The hidden mathematics of the CPC model
The CPC model requires paying for each click - regardless of the sales effect. For a campaign with a conversion rate of 1-2%, this means 98-99% of the budget burns through with no revenue effect. Example:
- 10,000 clicks at 0.80 EUR = 8,000 EUR cost.
- At a conversion rate of 1.5% → 150 orders.
- Cost of acquisition per order (CAC): 53.33 EUR.
If the average unit margin is 15 EUR, the store earns a few EUR per order - provided the customer returns. In many categories (fashion, cosmetics, home accessories), such math makes revenue growth simultaneous with margin loss.
Sales commissions
Affiliate platforms or marketplaces that charge 5–12% commission turn sales success into an additional operating cost. A store that sells 200,000 EUR worth of merchandise in a month with a 20% margin gives back 10,000 EUR – 24,000 EUR to the platform. That's 25–60% of pure gross profit, which could stay with the company.
Payment operators with a commission of 1.4%, on the other hand, generate a cost of 1,400 EUR per month with a turnover of 100,000 EUR – totaling 16,800 EUR per year. The effect is the same: each transaction becomes progressively less profitable.
Fixed cost models
The alternative is a subscription-based billing model, in which the cost of marketing is independent of the number of clicks and sales. This makes it possible to maintain a stable cost structure with volume growth.
Example: a store pays 400 EUR per month to display its offerings in AI channels (e.g., Semly.ai). If the platform generates 3,000 impressions per month and 60 orders, the cost of order acquisition drops to 6.67 EUR – more than 8x cheaper than the CPC model.
Impact of AI technologies and language models
New sales channels - such as product visibility in conversational models (ChatGPT, Gemini) - eliminate the need for click bidding. AI pulls data from open sources (e.g., XML feeds), recommends products in response to user queries ("recommend comfortable trekking shoes"), and the seller pays no commission.
This shifts the focus from paid visibility at semantic indexing (understanding) - i.e. optimization of product data for GEO.
GEO as a successor to SEO
Just as SEO used to determine visibility on Google, the GEO (Generative Engine Optimization) decides whether a product will appear in AI results. The difference is fundamental:
Key factor:
- SEO - keywords and backlinks.
- GEO - product data quality (XML feed, description, category).
Visibility type:
- SEO - link in search results.
- GEO - direct product recommendation.
Cost per click:
- SEO - variable (CPC).
- GEO-zero (feed-information).
Effect:
- SEO - website traffic.
- GEO - purchase intent in conversation, conversion higher by up to 6x (report Semly.ai).

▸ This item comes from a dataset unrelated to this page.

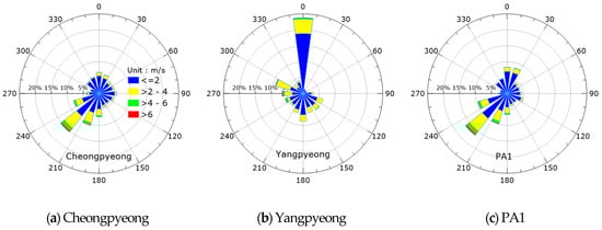 In this study, local meteorological observations were performed to investigate the time series of 1-h average variations in wind velocity, wind direction, temperature, humidity, pressure, and rainfall amount. Wind roses were used to classify the wind direction and velocity data into 16 compass points at 2 m/s intervals, and these results are shown in Figure 9. In general, the meteorological conditions in reservoirs are the major contributors to energy transfers such as heat exchange occurring on the water surface due to solar radiation, sensible heat transfer and evaporation, and wind-induced heat transfer [3]. The comparison of the meteorological observations for wind velocity, wind direction, temperature, humidity, pressure, and rainfall amount produced the following results. Day–night periodic variations were observed in the wind velocity, wind direction, temperature, and humidity. With regard to wind, except for the periods of sporadic wind invasion, southwesterly winds were observed in the daytime, and north–northeasterly winds were observed in the nighttime. The wind velocities gradually increased until noon and then slowly decreased in most cases. In the initial stage of observations, on May 12, 15, and 16, the daily maximum velocities exceeded 10 m/s and the average daily wind velocities exceeded 2 m/s. The average temperature increased and the diurnal temperature range decreased with time towards the later stage of observations. The average daily temperatures increased from May 19 onward, where values exceeded 20 °C and remained around 21–24 °C afterwards.

That's why e-commerce owners today should think not about "traffic from Google Ads," but about presence in generative AI recommendations - because that's where the new shopping path begins.
Practical implementation in the store
- XML feed export - with Shopify, WooCommerce, PrestaShop or Magento (Google Merchant format).
- Analysis of data fields - titles, categories, price attributes and descriptions must be semantically precise (e.g., instead of "trekking boots" it is better "men's trekking boots with Gore-Tex membrane, low").
- AI channel registration - integration with a platform like Semly.ai or directly adding the feed to LLM-friendly directories (currently only US market).
- Monitoring AI recommendations - check in which queries the product appears and where it doesn't (e.g., "30l mountain backpack").
- Maintaining data quality - AI prefers up-to-date, complete and logically described product data.
Commission-free models are no longer an experiment, but a method of rebuilding real margins in a world where advertising costs are rising faster than profitability. A fixed cost gives stores not only financial control, but also access to sales channels where purchasing decisions are increasingly made - interacting with AI, not a search engine.
Tomasz Cincio - CEO of Semly.ai
Example of GEO implementation with Semly
Case 30 days (anonymized): natural cosmetics store
Target: lower the CAC and protect the margin.
Parameters: AOV = 46,50 EUR, gross margin = 40%, CR = 1.5%, payment fees = 1.4%.
Before (CPC model):
- 10,000 clicks × 0.19 EUR = 1,860 EUR expense
- 150 orders → revenue 6,975 EUR
- Gross margin 2,790 EUR – payment fees 98 EUR – ads 1,860 EUR
- Margin after costs: 832 EUR (CAC 12.40 EUR)
Po (GEO subscription model):
- Subscription 93 EUR (without CPC)
- 150 orders → revenue 6,975 EUR
- Gross margin 2,790 EUR – payment fees 98 EUR – subscription 93 EUR
- Margin after costs: 2,599 EUR (CAC 0.62 EUR)
Effect: +1,767 EUR margin / +212% vs. CPC, with the same number of orders.
comparison of two consecutive two-week windows (30 days total); other channels and discounts unchanged; data: GA4 + Semly Pixel; AOV and CR fluctuations within ±3% and ±0.1 pp.